## THE RECORDS
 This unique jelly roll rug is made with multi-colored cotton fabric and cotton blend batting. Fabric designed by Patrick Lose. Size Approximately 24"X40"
...
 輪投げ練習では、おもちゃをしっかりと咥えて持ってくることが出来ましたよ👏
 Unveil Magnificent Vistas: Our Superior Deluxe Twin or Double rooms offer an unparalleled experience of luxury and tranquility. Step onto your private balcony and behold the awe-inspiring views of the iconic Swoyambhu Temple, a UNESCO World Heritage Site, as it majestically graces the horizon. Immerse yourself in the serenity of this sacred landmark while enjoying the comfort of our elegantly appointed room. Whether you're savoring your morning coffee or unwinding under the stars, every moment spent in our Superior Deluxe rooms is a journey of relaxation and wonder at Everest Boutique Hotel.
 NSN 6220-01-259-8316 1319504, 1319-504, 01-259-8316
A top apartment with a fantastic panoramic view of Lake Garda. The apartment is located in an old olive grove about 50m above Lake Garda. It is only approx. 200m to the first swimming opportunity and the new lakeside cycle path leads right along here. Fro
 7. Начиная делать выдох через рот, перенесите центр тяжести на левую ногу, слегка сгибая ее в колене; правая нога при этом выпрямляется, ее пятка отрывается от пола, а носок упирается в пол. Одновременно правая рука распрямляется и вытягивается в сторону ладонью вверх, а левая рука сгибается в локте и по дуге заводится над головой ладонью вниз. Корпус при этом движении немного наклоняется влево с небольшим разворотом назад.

## PROBLEM REQUIREMENTS
Every line above that includes the word "with" should be listed.

## RESPONSE TO THIS EXERCISE
 This unique jelly roll rug is made with multi-colored cotton fabric and cotton blend batting. Fabric designed by Patrick Lose. Size Approximately 24"X40"
A top apartment with a fantastic panoramic view of Lake Garda. The apartment is located in an old olive grove about 50m above Lake Garda. It is only approx. 200m to the first swimming opportunity and the new lakeside cycle path leads right along here. Fro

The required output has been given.